結蘿感覺他的舉動很是奇怪,問道:“你這人真是,人家有話要問你呢,你抬頭看什么天咯?”
“有什么事情,結蘿姑娘你盡管問吧,貧道一定知無不言言無不盡。”話語間明顯帶有厚重的鼻音,不用猜,估計又流鼻血了,所以海富貴繼續仰著頭。
“好吧。”結蘿見他堅持如此,倒也不勉強,道:“你說過喜歡一個人,就要去追求,和他成親,但是如果對方不喜歡你怎么辦?”
此時的海富貴,大腦早已短路,想也不想,回道:“那還不簡單,霸王硬上弓,成了親,日后再慢慢培養感情,不就行了,愛情本來就是自私的嘛。”
結蘿一聽,氣的臉色發紅,道:“你這個中原的道士,怎么這么……這么的野蠻。”海富貴的說法確實野蠻,就連苗族早已不用這般粗魯、直接、蠻橫的求愛之法。結蘿一氣憤,道:“算啦,你走吧,不想和你說話了。”
海富貴如獲大赦,轉身便跑。留下結蘿一串悅兒的笑聲:“你這人也是,每次見面都會匆匆跑開。”
海富貴的話雖然粗糙,但有一句卻深深觸動了結蘿,給了她最后一個理由——愛情本來就是自私的。

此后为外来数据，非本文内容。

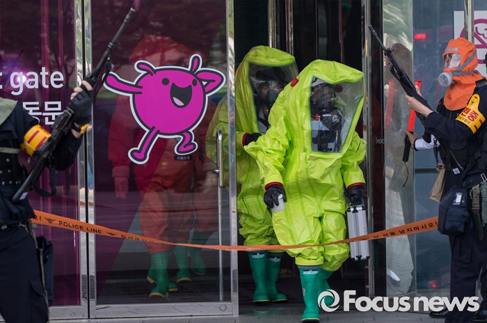 (서울=포커스뉴스) 20일 오후 서울 강남구 코엑스에서 열린 '2016 재난대응 안전한국훈련'에 참여한 훈련병력들이 테러대응훈련을 펼치고 있다.

一路上結蘿都在思考用什么法子才能得到厲巖的血,遇見誰都不像以前那么熱情的打招呼了,直到來到厲巖房屋門口,還沒想出來好的法子。推開門,膩聲叫道:“厲巖哥哥,你在嗎?”
見到厲巖不在,一陣失望,正要轉身離去之時,發現地上的手帕,上面似乎有血跡,撿起一看,竟然有血珠,看這血珠的樣子離體時間不長,剛好可用激活情*蠱。結蘿喜出望外,總算拿到厲巖哥哥的血液了,免去自己一番功夫,高興的離開了。

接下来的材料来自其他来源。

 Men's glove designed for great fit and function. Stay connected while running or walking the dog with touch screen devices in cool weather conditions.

唉,要么說戀愛中的女人智商為零呢,結蘿姑娘你什么時候見過厲巖那半魔用過這么精美的手帕啊!
當晚。
厲巖將山寨被圍剿之事告訴姜承后,決定請海富貴好好喝一頓,不然不足以表達心中感激之情,要不是他,估計山寨的弟兄們早已全部去見魔神了。
海富貴推辭不過,只得去了。姜承也有參加。
說起來和姜承認識許久,但是并未一起如此放開懷的喝過酒,三人從碧溪村說起,聊到千峰嶺,然后是折劍山莊的品劍大會,暢所欲言,無話不談。喝到起勁之時,海富貴不得不把“劃拳”引了進來,一開始趁著姜承和厲巖不熟悉規則,贏了幾把,后來隨著二者熟練,海富貴竟然輸多贏少,最后耍賴說,不玩了!還是直接喝酒來的痛快。
“一轉眼,海兄已成為蜀山派正式弟子,而我身為武林盟主的弟子竟然變成了武林通緝的逃犯。”姜承苦笑著感慨萬千,因此也沒把持住酒量,喝高了。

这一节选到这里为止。